Con el anuncio de los primeros fríos invernales, se hace saber a la sufrida audiencia que llega también la “nueva” programación para la campaña otoño-invierno. Este año no ha sido distinto y nos hemos enterado a través de los informativos de las distintas cadenas que en octubre comenzaban a emitir novedosos programas. Hasta tal punto están convencidos de la originalidad de sus proyectos que los presentan en sociedad escenificados en galas casposas. Como su gusto estético no tiene límites y la moral les importa un pimiento, intentan convencernos de lo suyo transmitiendo en directo tan decadentes galas. En ellas mezclan churras con merinas elevado todo ello a rango de espectáculo, probablemente para no pasarse de la mera promesa sin comprometerse a nada ni con nadie.

Ahora bien, si se pretende que tanto ingenio y creatividad televisual aparezca en otoño, es preciso que su concepción y gestación se localice en los calenturientos meses estivales. De modo que mientras el resto de los mortales descansa y se relaja del calor paralizante, el genio de las televisiones se activa para hacer fantasmales combinaciones en el genoma de sus programaciones. Tanta alevosía no puede dar otra cosa que híbridos inviables, clones de emisiones de temporadas precedentes, paridas audiovisuales infumables.
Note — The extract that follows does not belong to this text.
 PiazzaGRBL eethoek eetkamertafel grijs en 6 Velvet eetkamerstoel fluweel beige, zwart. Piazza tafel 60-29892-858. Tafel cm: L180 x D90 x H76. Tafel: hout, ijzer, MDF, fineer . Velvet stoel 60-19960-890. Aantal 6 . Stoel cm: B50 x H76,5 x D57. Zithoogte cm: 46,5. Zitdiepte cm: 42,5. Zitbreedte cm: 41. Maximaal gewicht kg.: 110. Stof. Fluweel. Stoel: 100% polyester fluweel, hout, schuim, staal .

La audiencia, que no se chupa el dedo, prefiere otras cosas que contemplar tan mayúsculos desatinos. Y al comportarse de esta guisa obliga a que, como hemos podido comprobar en lo que va del mes de octubre, casi todas las cadenas hayan modificado su programación. Así encontramos programas que sólo resisten dos emisiones, otros que cambian de día y hora o dejan su lugar a la reposición, si es que no han optado por el plagio. Un baile tan infernal como desconcertante dice, desde luego, muy poco a favor de los genios que inventan durante el verano. En otras palabras: ¿Qué grado de compromiso mantienen los gestores de las cadenas con su audiencia? ¿Después de tanto cambio quién diablos se acuerda del horario de emisión de la última novedad, por ejemplo, en Antena-3? ¿A cuándo esperan para presentarnos a los responsables de tanto desatino?